Let’s let the Chicago Tribune take it from here:
“In the ninth inning [White Sox left fielder] Frenchy Bordagaray had kept the game alive with a one-handed catch of a drive by Earle Combs after he had fallen down.”
“He” being Bordagaray, although I understand your confusion, dear reader.
OK, Tribune, continue:
“With one down in the 14th, Combs again drove one Frenchy’s way and again the little man skidded on the seat of his pants, but this time he was no circus performer. The ball caromed away for a triple and a minute later Sammy Byrd singled, sending in Combs with the winning marker.”

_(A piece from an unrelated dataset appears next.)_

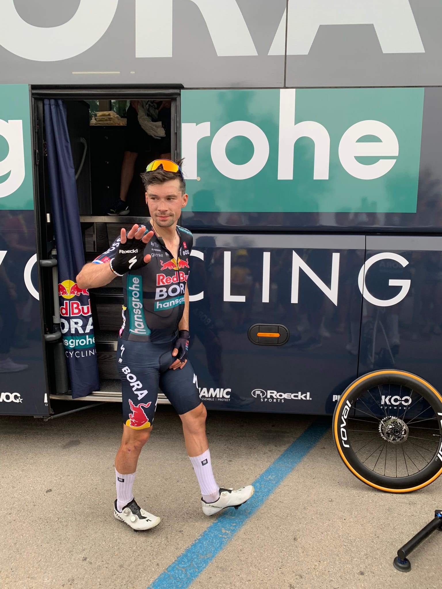 At the finish line was a terrible crowd, and we couldn’t find a spot for ourselves. So we headed straight to the team buses, specifically to the Red Bull – Bora Hansgrohe bus, which was stationed right behind the finish line. There, we waited for Primož Roglič and the other cyclists from the RBH team. Jay Hindley, Primož Roglič’s teammate, gave a gift, a water bottle, to my son upon arrival. Super, super!”

And, that was the ball game.
The dust storm made its way off shore. The New York skies cleared.
The Yankees would finish the season in second, seven games back of the Detroit Tigers. The White Sox would finish 47 games back. Last place. The St. Louis Cardinals would win the World Series.
Babe Ruth was traded to the Boston Braves before the 1935 season. He retired that June.
Sammy Byrd would quit baseball in 1936 to become a professional golfer. He is the only person to play in both a World Series and a Master’s Tournament.
Whitlow Wyatt would go on to have successful seasons with the Brooklyn Dodgers in the 1940s. He later became a noted pitching coach with the Phillies and Braves.
The dust storms would continue, along with years of massive shortages of farm goods and crushing economic hardship.
Embed from Getty Images
A 1935 dust storm. But, it looks freakishly familiar, doesn’t it?
All was not well in the United States. But, at least there was baseball.
You’d swear the Trib’s account of the game was by Studs Turkel.
I love those old game recaps … the poetry of it all!
So that’s the day they brought all the schoolboys out for some fresh air?
On the afternoon before MLB and college baseball shut down in March to try to mitigate covid, Virginia baseball had its schoolkids game (a park packed with boys and girls). And I thought … hmmm, is that a good idea?
I might say the schoolgirls were lucky not to be included that particular day, , but it’s irks me anyway. Great bit of history.. Thanks.
I know. Me, too, Gloria. I guess the girls had to be home helping their mothers clean all that dust off the furniture.